Omitting every picture, output the records below exactly, please.

== == ==

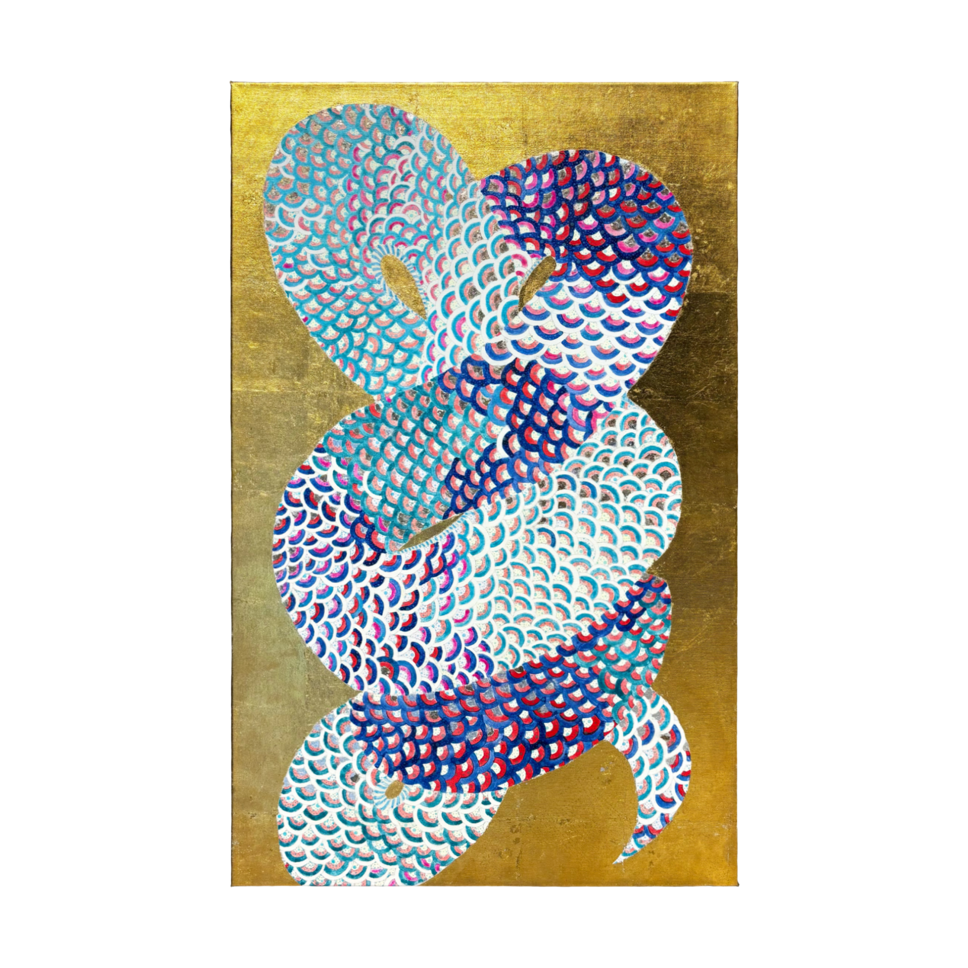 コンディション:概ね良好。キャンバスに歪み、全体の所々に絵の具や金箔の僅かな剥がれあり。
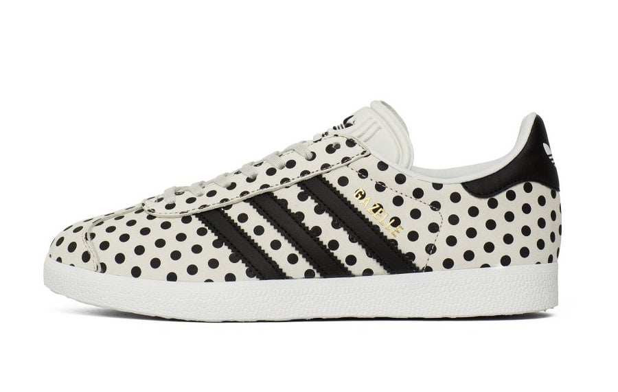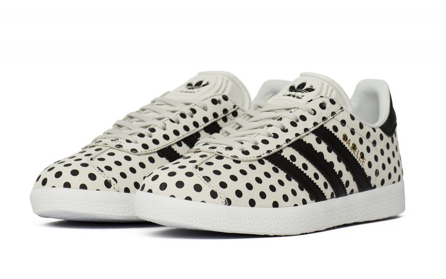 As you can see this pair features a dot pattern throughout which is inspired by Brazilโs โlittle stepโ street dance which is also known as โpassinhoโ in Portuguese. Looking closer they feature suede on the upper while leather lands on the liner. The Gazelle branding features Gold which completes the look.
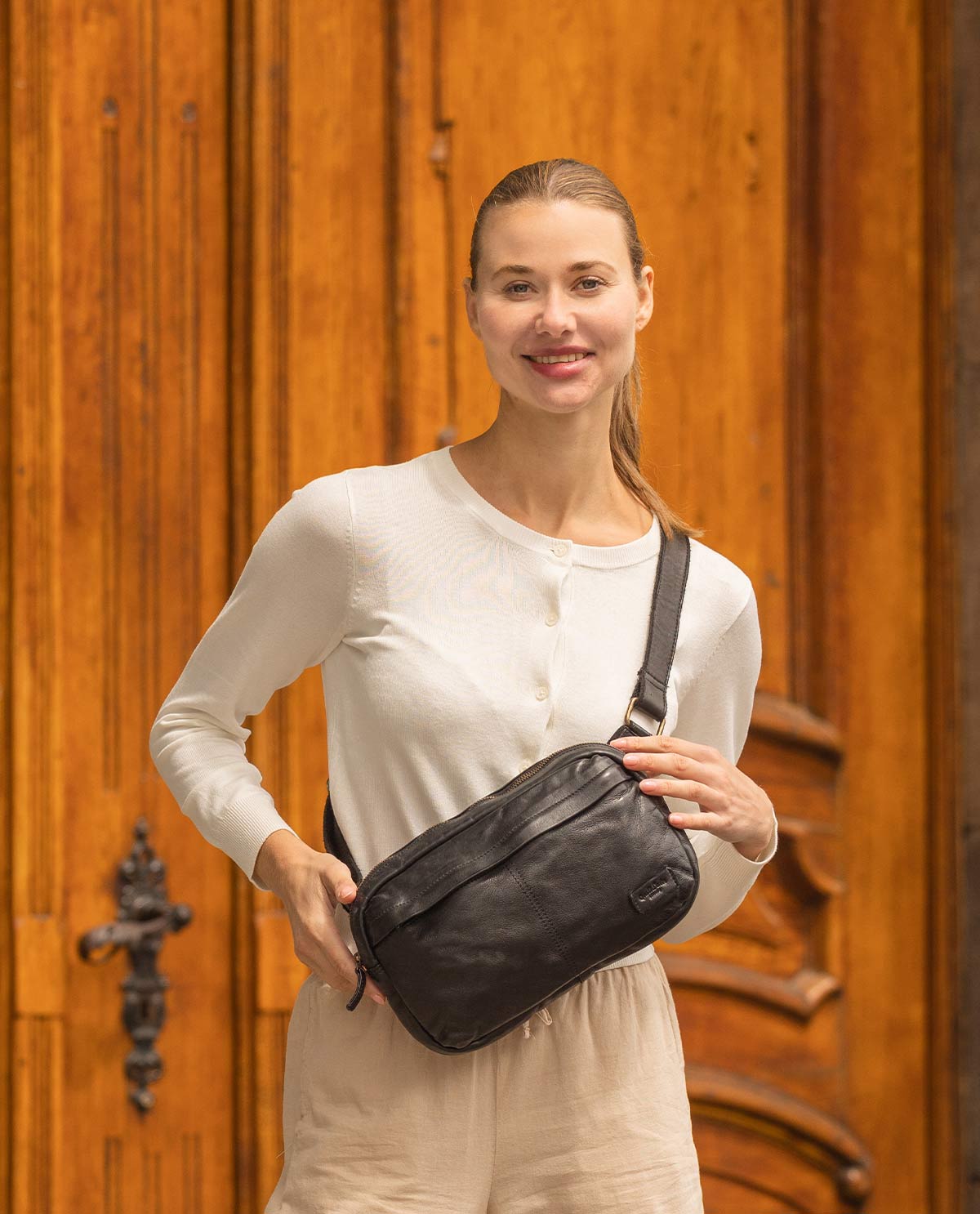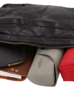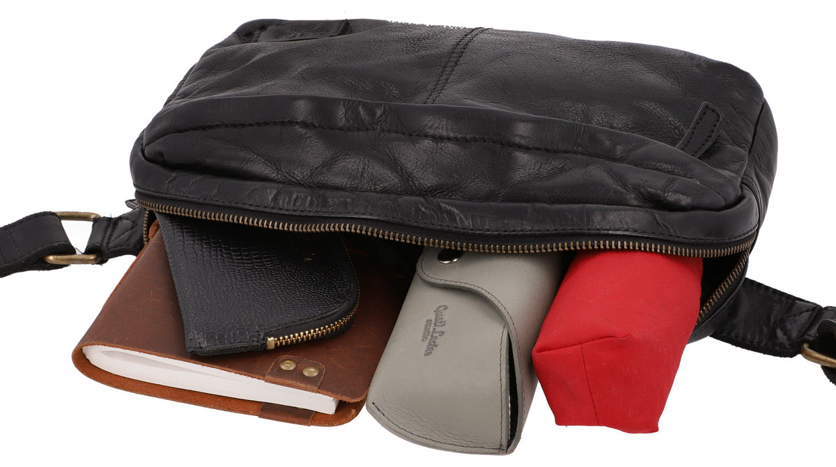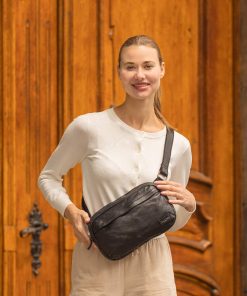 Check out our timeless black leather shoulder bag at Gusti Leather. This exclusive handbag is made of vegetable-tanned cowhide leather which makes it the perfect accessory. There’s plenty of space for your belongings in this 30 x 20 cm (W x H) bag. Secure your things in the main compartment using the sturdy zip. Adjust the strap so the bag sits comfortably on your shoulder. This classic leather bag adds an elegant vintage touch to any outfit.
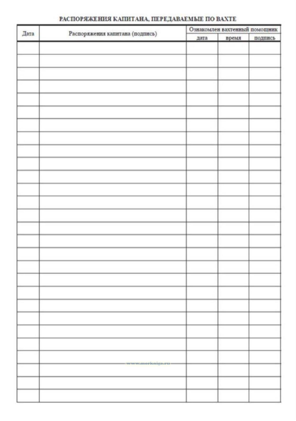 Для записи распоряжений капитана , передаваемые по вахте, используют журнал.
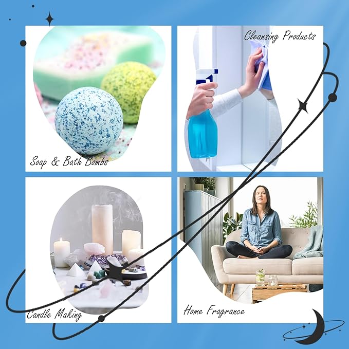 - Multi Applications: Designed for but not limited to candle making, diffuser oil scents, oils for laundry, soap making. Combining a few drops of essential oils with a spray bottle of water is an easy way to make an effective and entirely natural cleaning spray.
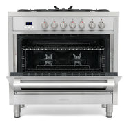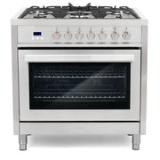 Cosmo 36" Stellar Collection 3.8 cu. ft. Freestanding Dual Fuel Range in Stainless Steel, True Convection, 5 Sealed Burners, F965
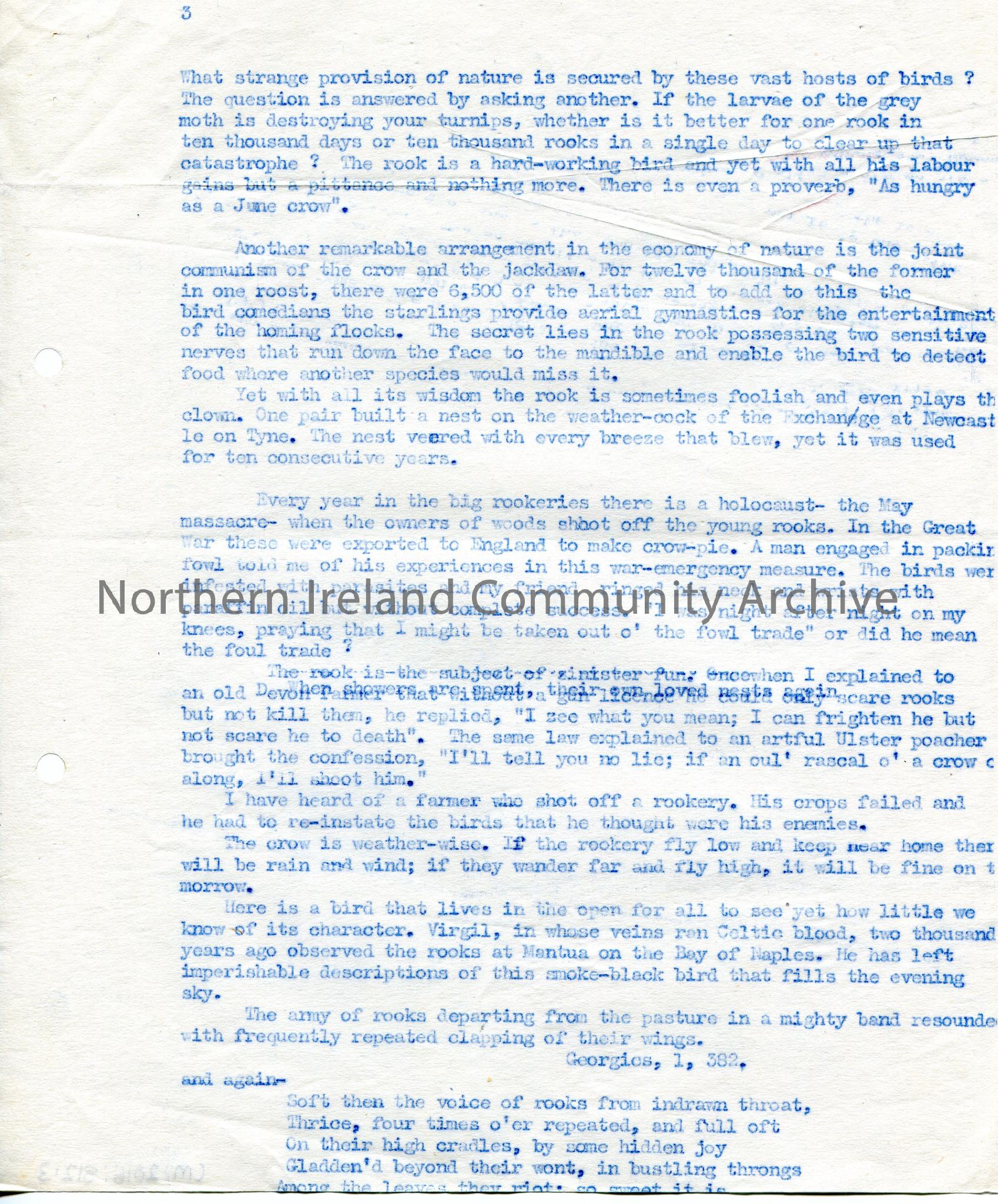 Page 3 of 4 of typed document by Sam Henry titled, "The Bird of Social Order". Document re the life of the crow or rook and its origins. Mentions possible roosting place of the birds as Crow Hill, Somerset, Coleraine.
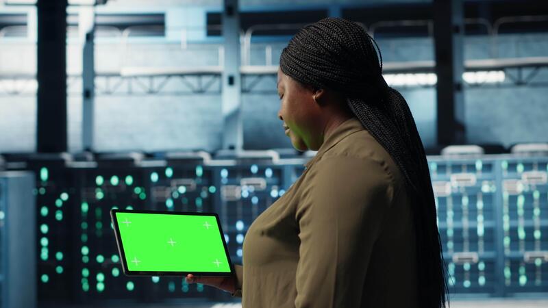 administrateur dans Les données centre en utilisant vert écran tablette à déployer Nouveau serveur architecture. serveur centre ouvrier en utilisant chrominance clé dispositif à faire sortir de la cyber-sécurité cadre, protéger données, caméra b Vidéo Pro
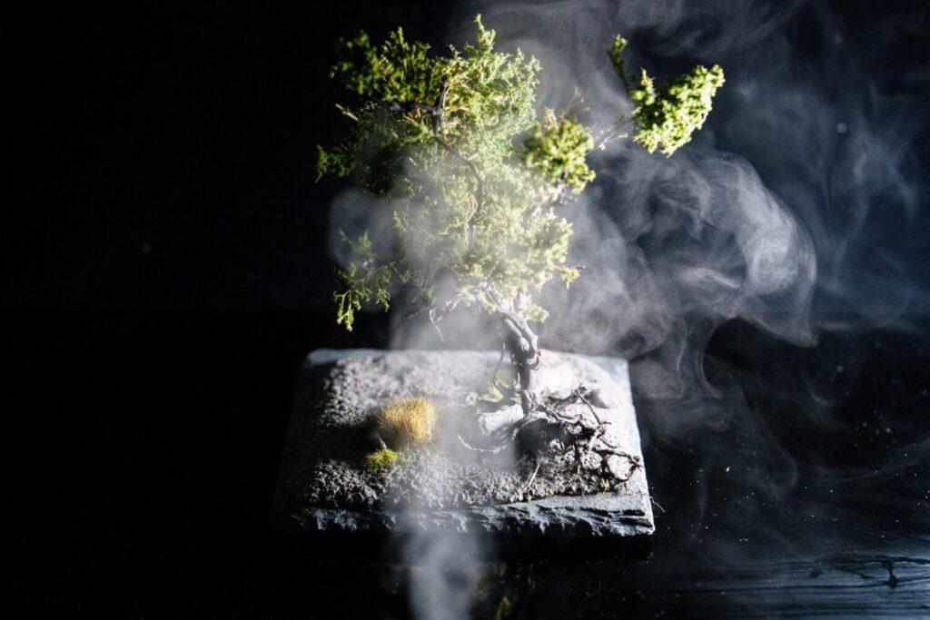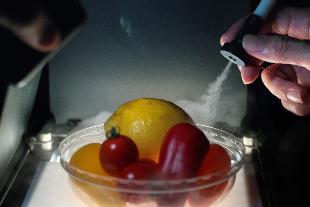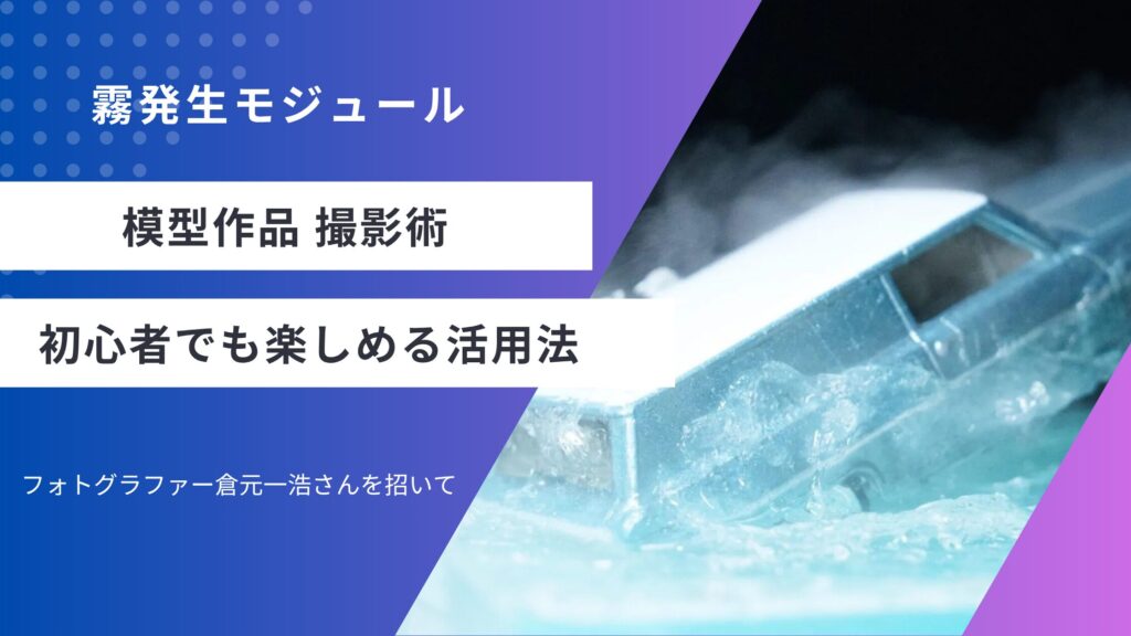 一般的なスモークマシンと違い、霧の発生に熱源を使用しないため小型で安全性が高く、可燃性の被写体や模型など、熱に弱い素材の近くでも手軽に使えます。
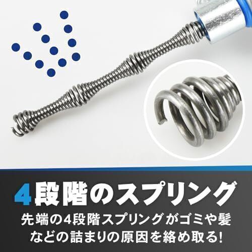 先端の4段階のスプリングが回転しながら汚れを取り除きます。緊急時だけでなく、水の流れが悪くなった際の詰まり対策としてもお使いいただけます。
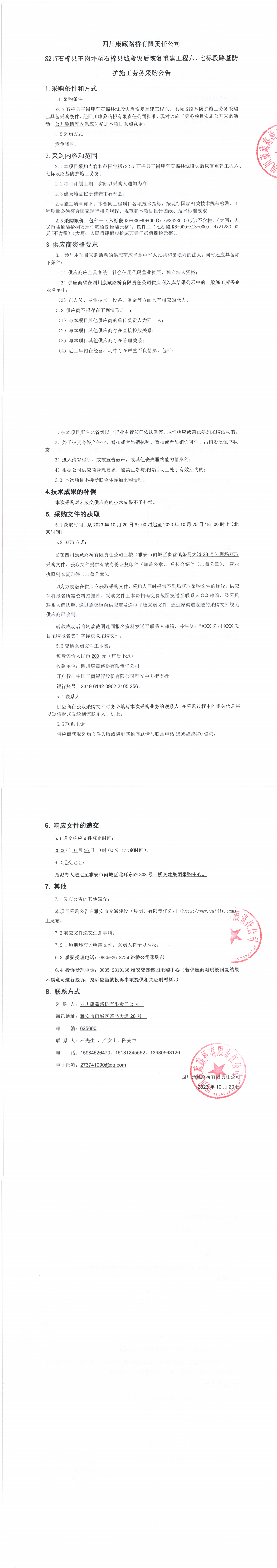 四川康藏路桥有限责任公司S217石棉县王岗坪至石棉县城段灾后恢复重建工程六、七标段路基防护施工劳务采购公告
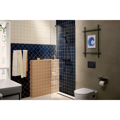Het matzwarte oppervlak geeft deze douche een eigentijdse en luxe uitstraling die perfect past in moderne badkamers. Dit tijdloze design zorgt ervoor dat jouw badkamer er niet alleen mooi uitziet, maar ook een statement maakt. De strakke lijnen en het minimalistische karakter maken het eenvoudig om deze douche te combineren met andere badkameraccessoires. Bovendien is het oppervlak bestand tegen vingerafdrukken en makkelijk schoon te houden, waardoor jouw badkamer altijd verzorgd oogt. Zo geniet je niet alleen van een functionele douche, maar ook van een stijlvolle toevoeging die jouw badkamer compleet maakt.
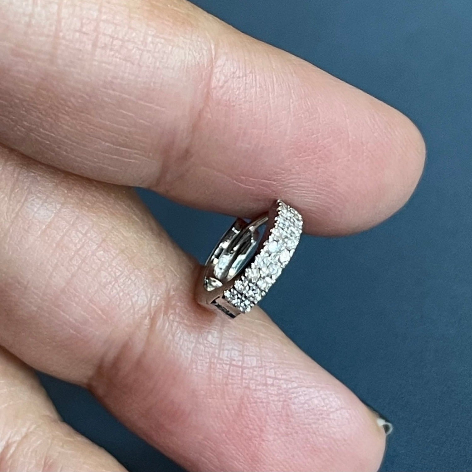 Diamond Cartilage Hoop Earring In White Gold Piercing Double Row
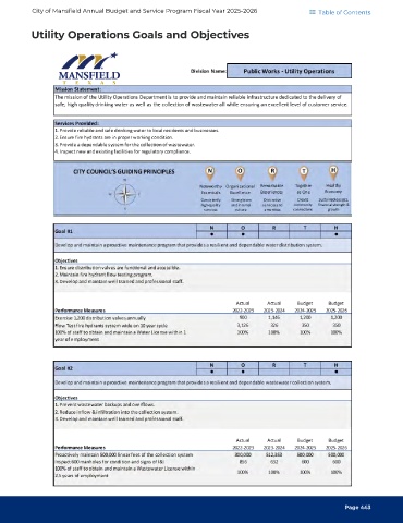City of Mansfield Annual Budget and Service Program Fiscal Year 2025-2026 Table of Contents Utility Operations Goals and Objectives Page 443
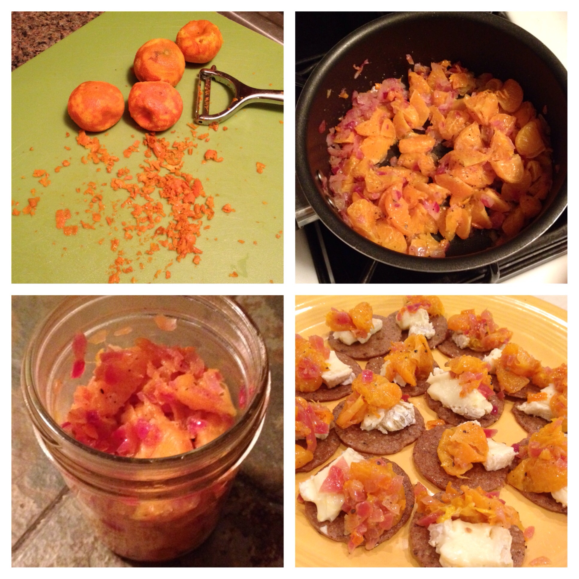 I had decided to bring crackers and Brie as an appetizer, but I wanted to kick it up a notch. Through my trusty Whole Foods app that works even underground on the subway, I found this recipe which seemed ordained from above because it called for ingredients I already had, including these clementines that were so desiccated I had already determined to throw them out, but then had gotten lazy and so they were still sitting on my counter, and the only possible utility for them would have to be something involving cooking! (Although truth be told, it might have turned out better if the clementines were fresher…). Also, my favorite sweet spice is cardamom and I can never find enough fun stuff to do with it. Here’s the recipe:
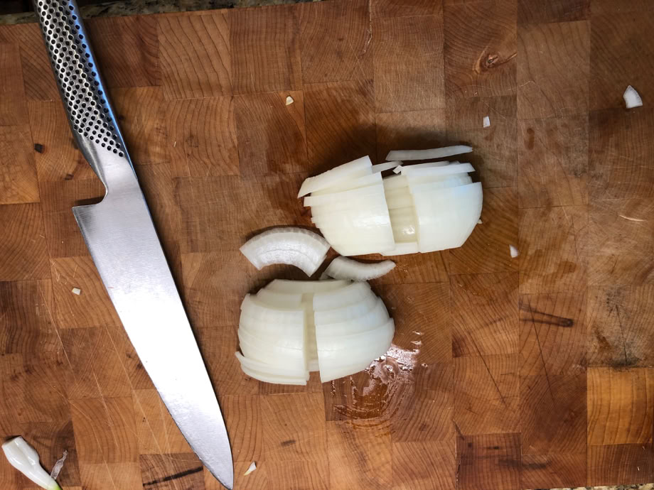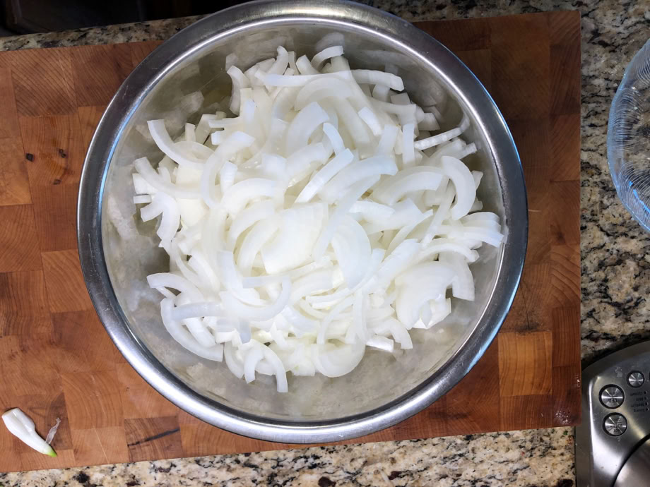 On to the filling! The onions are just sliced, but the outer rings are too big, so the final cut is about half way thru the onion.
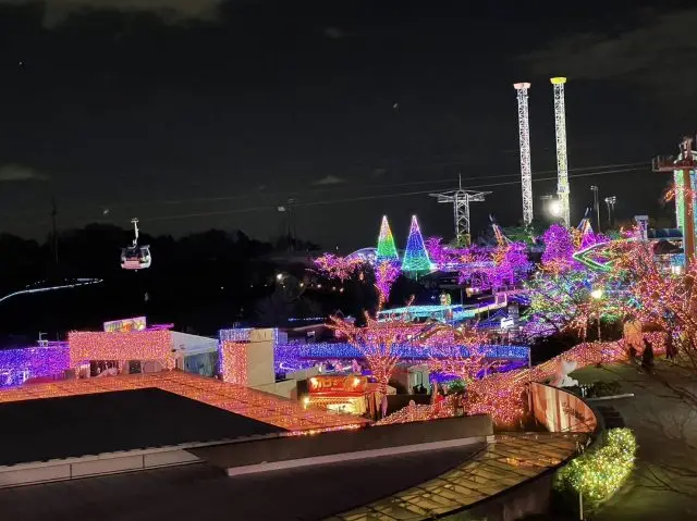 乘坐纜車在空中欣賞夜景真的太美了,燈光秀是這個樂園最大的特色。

== == ==

Task answer:
 コンディション:概ね良好。キャンバスに歪み、全体の所々に絵の具や金箔の僅かな剥がれあり。
 As you can see this pair features a dot pattern throughout which is inspired by Brazilโs โlittle stepโ street dance which is also known as โpassinhoโ in Portuguese. Looking closer they feature suede on the upper while leather lands on the liner. The Gazelle branding features Gold which completes the look.
 Check out our timeless black leather shoulder bag at Gusti Leather. This exclusive handbag is made of vegetable-tanned cowhide leather which makes it the perfect accessory. There’s plenty of space for your belongings in this 30 x 20 cm (W x H) bag. Secure your things in the main compartment using the sturdy zip. Adjust the strap so the bag sits comfortably on your shoulder. This classic leather bag adds an elegant vintage touch to any outfit.
 Для записи распоряжений капитана , передаваемые по вахте, используют журнал.
 - Multi Applications: Designed for but not limited to candle making, diffuser oil scents, oils for laundry, soap making. Combining a few drops of essential oils with a spray bottle of water is an easy way to make an effective and entirely natural cleaning spray.
 Cosmo 36" Stellar Collection 3.8 cu. ft. Freestanding Dual Fuel Range in Stainless Steel, True Convection, 5 Sealed Burners, F965
 Page 3 of 4 of typed document by Sam Henry titled, "The Bird of Social Order". Document re the life of the crow or rook and its origins. Mentions possible roosting place of the birds as Crow Hill, Somerset, Coleraine.
 administrateur dans Les données centre en utilisant vert écran tablette à déployer Nouveau serveur architecture. serveur centre ouvrier en utilisant chrominance clé dispositif à faire sortir de la cyber-sécurité cadre, protéger données, caméra b Vidéo Pro
 一般的なスモークマシンと違い、霧の発生に熱源を使用しないため小型で安全性が高く、可燃性の被写体や模型など、熱に弱い素材の近くでも手軽に使えます。
 先端の4段階のスプリングが回転しながら汚れを取り除きます。緊急時だけでなく、水の流れが悪くなった際の詰まり対策としてもお使いいただけます。
 四川康藏路桥有限责任公司S217石棉县王岗坪至石棉县城段灾后恢复重建工程六、七标段路基防护施工劳务采购公告
Het matzwarte oppervlak geeft deze douche een eigentijdse en luxe uitstraling die perfect past in moderne badkamers. Dit tijdloze design zorgt ervoor dat jouw badkamer er niet alleen mooi uitziet, maar ook een statement maakt. De strakke lijnen en het minimalistische karakter maken het eenvoudig om deze douche te combineren met andere badkameraccessoires. Bovendien is het oppervlak bestand tegen vingerafdrukken en makkelijk schoon te houden, waardoor jouw badkamer altijd verzorgd oogt. Zo geniet je niet alleen van een functionele douche, maar ook van een stijlvolle toevoeging die jouw badkamer compleet maakt.
 Diamond Cartilage Hoop Earring In White Gold Piercing Double Row
City of Mansfield Annual Budget and Service Program Fiscal Year 2025-2026 Table of Contents Utility Operations Goals and Objectives Page 443
 I had decided to bring crackers and Brie as an appetizer, but I wanted to kick it up a notch. Through my trusty Whole Foods app that works even underground on the subway, I found this recipe which seemed ordained from above because it called for ingredients I already had, including these clementines that were so desiccated I had already determined to throw them out, but then had gotten lazy and so they were still sitting on my counter, and the only possible utility for them would have to be something involving cooking! (Although truth be told, it might have turned out better if the clementines were fresher…). Also, my favorite sweet spice is cardamom and I can never find enough fun stuff to do with it. Here’s the recipe:
 On to the filling! The onions are just sliced, but the outer rings are too big, so the final cut is about half way thru the onion.
 乘坐纜車在空中欣賞夜景真的太美了,燈光秀是這個樂園最大的特色。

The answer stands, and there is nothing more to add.